When it comes to calculating a company’s receipts for size purposes, the procedure for is (or at least was) pretty simple: Look at the company’s tax returns. Indeed, it has long been SBA’s position that they can only consider tax returns, as noted in Nordstrom Contracting & Consulting Corp., SBA No. SIZ-5891 (Mar. 7, 2018) (“[T]here is no authority for an area office to consider any evidence apart from tax returns…when calculating a firm’s average annual receipts.”) among other cases.  In other words, if something was not mentioned in a tax return, it couldn’t be considered by SBA. The only exception was if the tax returns were not filed, in which case SBA will review financial statements or similar information in lieu. 13 CFR § 121.104. Therefore, other than that exception, a contractor only needs to rely on the information in its tax return when making its size representation.

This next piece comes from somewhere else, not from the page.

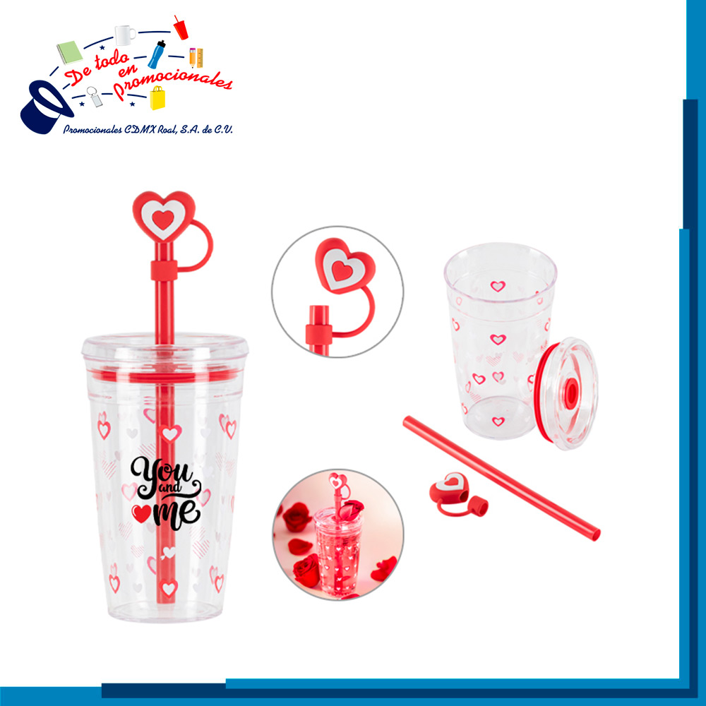 Vaso coleccionable de plástico transparente con motivos de corazón, cuenta con tapa a presión anti derrames, sellos de silicón y popote de color con protector de popote en forma de corazón. Es ideal para bebidas frías. CAP. 450ml. Presentación: Caja kraft.

But the U.S. District Court of the District of Columbia (DDC) thinks otherwise. On May 18, 2023, it entered a decision on opposing motions for summary judgment in a size protest that had become a False Claims Act case. In this decision, it concluded the opposite: Contractors must in some cases consider information outside their tax returns. Let’s take a deeper dive.

United States ex rel. Bid Solve, Inc. v. CWS Mktg. Grp., Inc., 678 F. Supp. 3d 53 (D.D.C. 2023) began as a standard size protest back in 2018. At first, the matter was simple enough: CWS Marketing Group’s (CWS) size was protested, it submitted its tax returns, and SBA sided with CWS over the protester, Bid Solve, Inc. (Bid Solve) after reviewing those returns.

However, Bid Solve apparently knew there was something more going on and filed a False Claims Act case with the DDC against CWS. Bid Solve alleged that CWS had misreported its receipts by improperly subtracting expenses that it shouldn’t have subtracted. If these expenses were not subtracted, then CWS would be over the size standard. Proving this would necessarily require looking at information that wasn’t in CWS’ tax returns, and here is where the question arose: Was CWS justified in only relying on the information in its tax return? The DDC said “no” in light of 13 C.F.R.  § 121.104:

Defendants misread the regulation: They were not allowed to rely solely on CWS’s tax returns. And because of that, they should have never subtracted “flowthrough income” from CWS’s total revenue.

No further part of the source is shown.